Insider trading scandals in the news

1. The Wall Street Journal Scandal

At the time of the scandal, Foster Winnas was a columnist at the wall street journal. He shared vital information with two stockbrokers about an article he was to publish in the journal. On knowing what Foster was to write, the two brokers used the information to their advantage in the market and made $690,000. They later tipped off Foster with an amount of $31,000. Such a business is illegal. It is considered a conspiracy to use what you know against people who do not understand what’s happening. Foster, alongside the two brokers, was convicted for insider trading.

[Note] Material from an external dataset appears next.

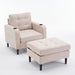 Beige Upholstered Armchair And Storage Ottoman Set, Comfortable Single Sofa With Cup Holders And Tufted Detailing, Ideal For Living Room Or Bedroom - Beige

2. Enron Scandal With Jeffrey Skilling

Jeffrey Skilling, for a long time, was the president of Enron where he used confidential information in the stock trade and made himself a fortune. In 2006, he was convicted for having done 19 crimes, insider trading being top of the list. The court found Jeffrey guilty and fines him $45 million. The case was later reviewed, and Jeffrey reduced his sentence by ten years after a sum of $40 million was seized to minimize damages on people involved in the Enron collapse.

3. The SAC Group Case

With Steven A. Cohen at the lead of the company, SAC Group was one of the most performing hedge funds throughout the country and worldwide. That was until the company was found guilty of allowing its clients and partners to participate in inside trading. Matthew Martoma and Michael Steinberg were some of the top traders convicted due to illegal practices. The SAC group had to pay a hefty fine amounting to $1.8 billion to allow unlawful practices under their watch.

4. The Galleon Group With Raj Rajaratnam

The Galleon group headed by Raj Rajaratnam was one of the most famous and well-doing hedge funds in the world. That changed when Raj, the CEO, was arrested after conspiring to practice insider trading. News had it that the deal would make Raj and the company $20 million richer. After a court hearing, Raj was found guilty on 14 counts and jailed. His accomplices, including the Galleon group manager and the former Goldman Sachs manager, were also convicted of giving Raj tips on insider trading.

5. The Golf Buddies Case

Have you ever found yourself in some deep mess due to things you said without giving much thought to them? After a long day, we tend to talk about how the day at work was and what ought to happen. That is what Scott London would share with a fellow golfer not knowing that Shaw was making hundreds of thousands out of the small talks. The mistake landed Scott in jail for 14 months and had to pay a fine to the government amounting to $100,000. Shaw later pleaded guilty and was convicted of insider trading.

There is no way and no time soon will insider trading be legal for the following reasons:

  • It gives the insider a competitive advantage higher than all the other trades

  • It provides the insider with the ability to control the stocks’ value so that they make a better interest

  • Insider trading lowers the fiduciary duty of the insider towards their clients and focus on benefiting themselves

If you are a beginner investor in the market, you should be very careful of insider trading to not get into the wrong side of the law. Understand the insider trading reports to ensure that nothing goes wrong when trading.